Transcendental numbers are real numbers that are not algebraic, meaning they cannot be expressed as the root of a polynomial equation with rational coefficients.

How do transcendental numbers differ from algebraic numbers?

Transcendental numbers are different from algebraic numbers because they cannot be expressed as a finite combination of rational numbers using the basic arithmetic operations (addition, subtraction, multiplication, division) and taking roots. Algebraic numbers, on the other hand, can be expressed in this way.

Who discovered transcendental numbers?

The concept of transcendental numbers was first introduced by the mathematician Joseph Liouville in 1844. However, the first explicit example of a transcendental number was given by Johann Heinrich Lambert in 1761.

What is the most famous transcendental number?

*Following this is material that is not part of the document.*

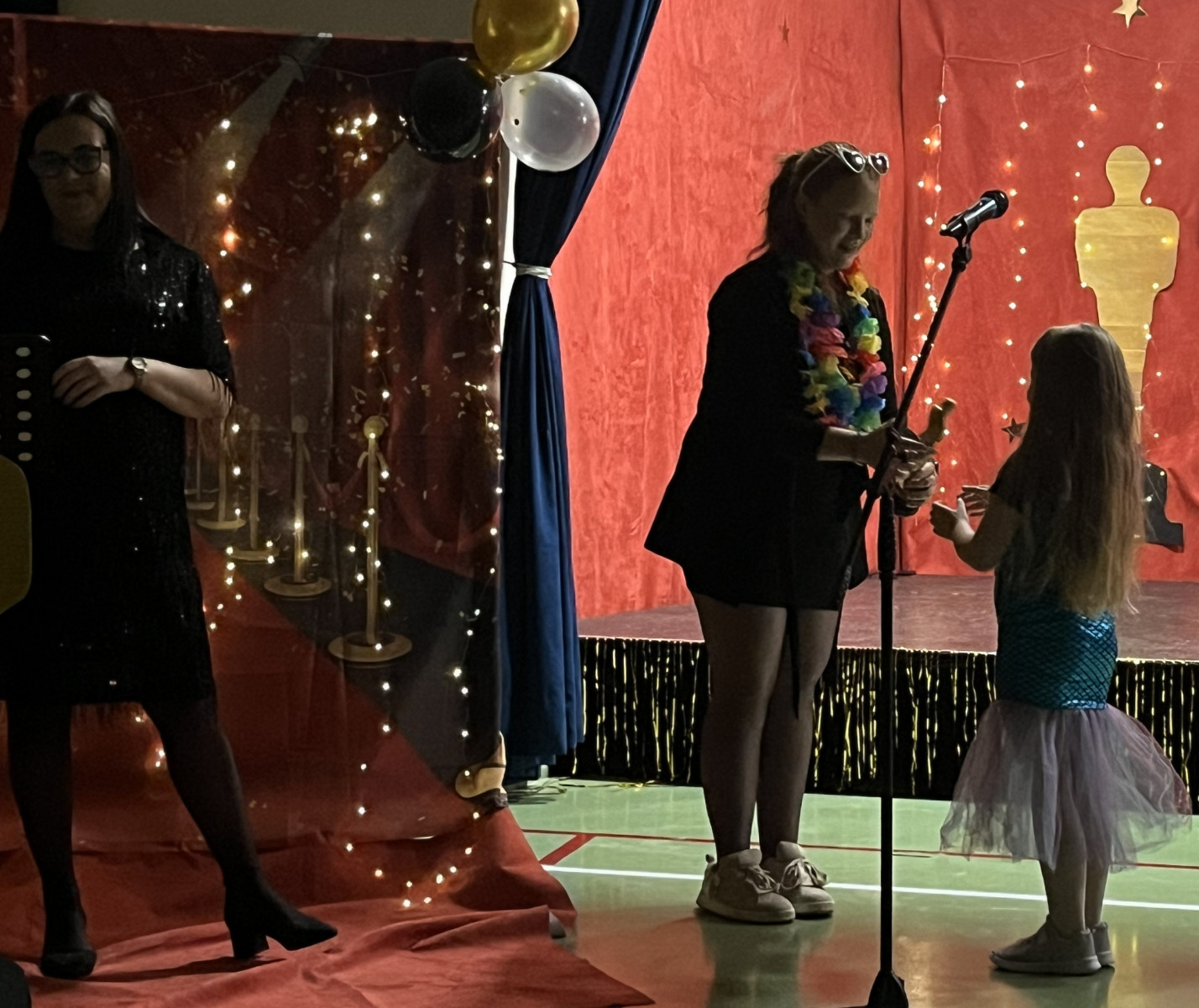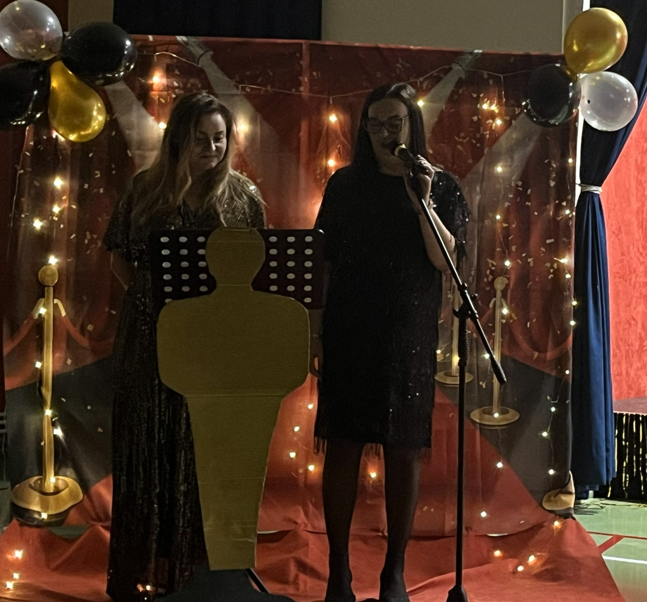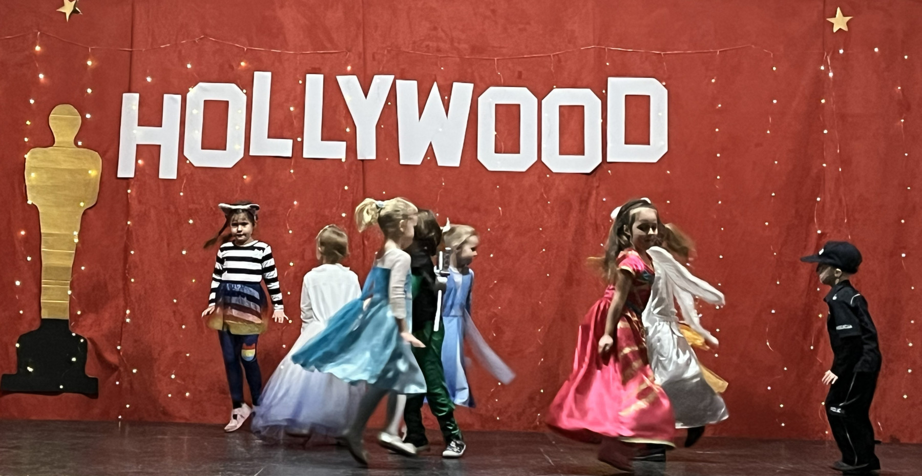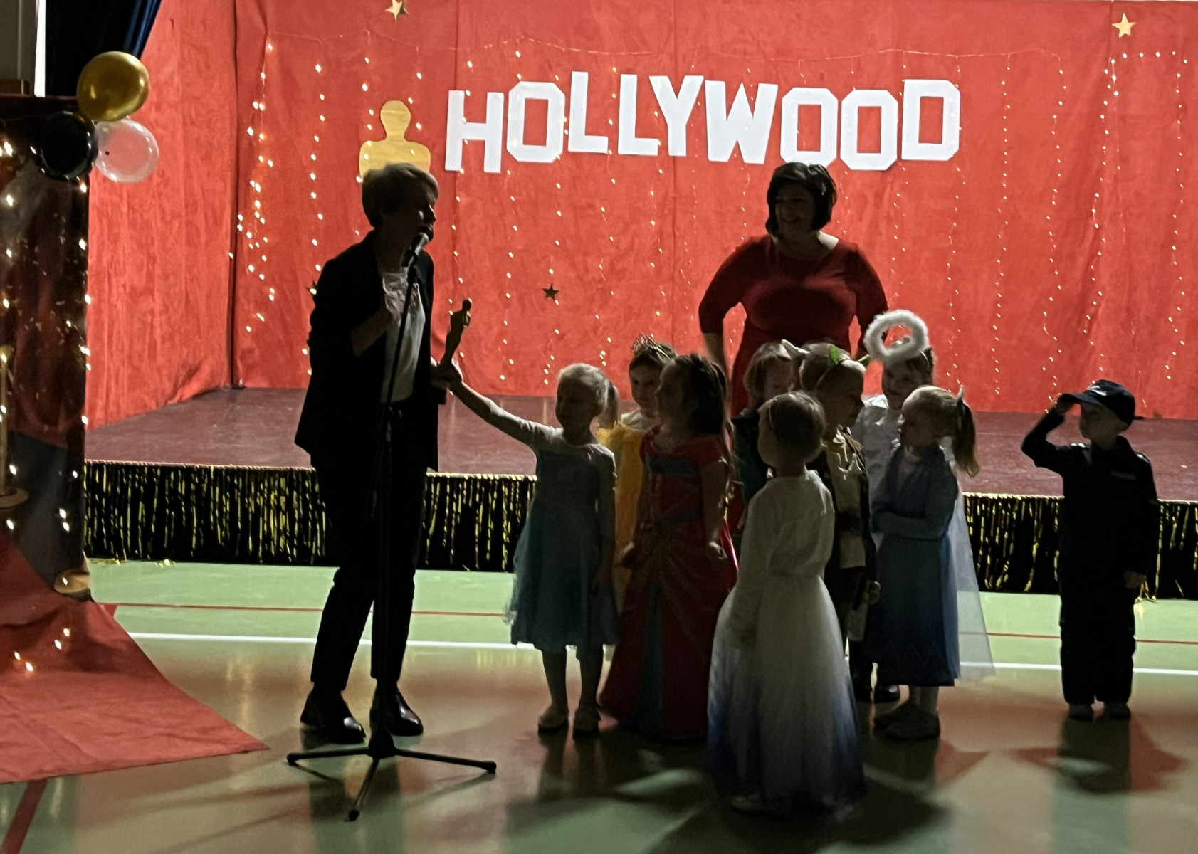 Od samego rana na szkolnych korytarzach panowała niecodzienna atmosfera. Eleganckie stroje uczniów i nauczycieli, liczna obecność rodziców oraz unoszące się w powietrzu zapachy smakołyków zapowiadały niezwykłe wydarzenie. Gdy wszyscy zebrali się w sali gimnastycznej, okazało się, że przenieśliśmy się prosto do Hollywood. O wyjątkowym klimacie świadczyła efektowna dekoracja utrzymana w złocie i czerwieni, blask świateł oraz imponujący napis „Hollywood”, nawiązujący do słynnego symbolu z Kalifornii. Uwagę przyciągały również statuetki Oscarów ustawione w pobliżu sceny.

The most famous transcendental number is pi (π), which is the ratio of a circle's circumference to its diameter. It is approximately 3.14159265358979323846 and has been studied and approximated by mathematicians for centuries. Another well-known transcendental number is e, the base of the natural logarithm.

How do transcendental numbers impact mathematics and science?

Transcendental numbers have a significant impact on mathematics and science as they provide a way to describe and understand the physical world with greater precision. They are used in various mathematical and scientific fields, such as physics, engineering, and cryptography. The discovery of transcendental numbers also led to the development of new mathematical concepts and techniques.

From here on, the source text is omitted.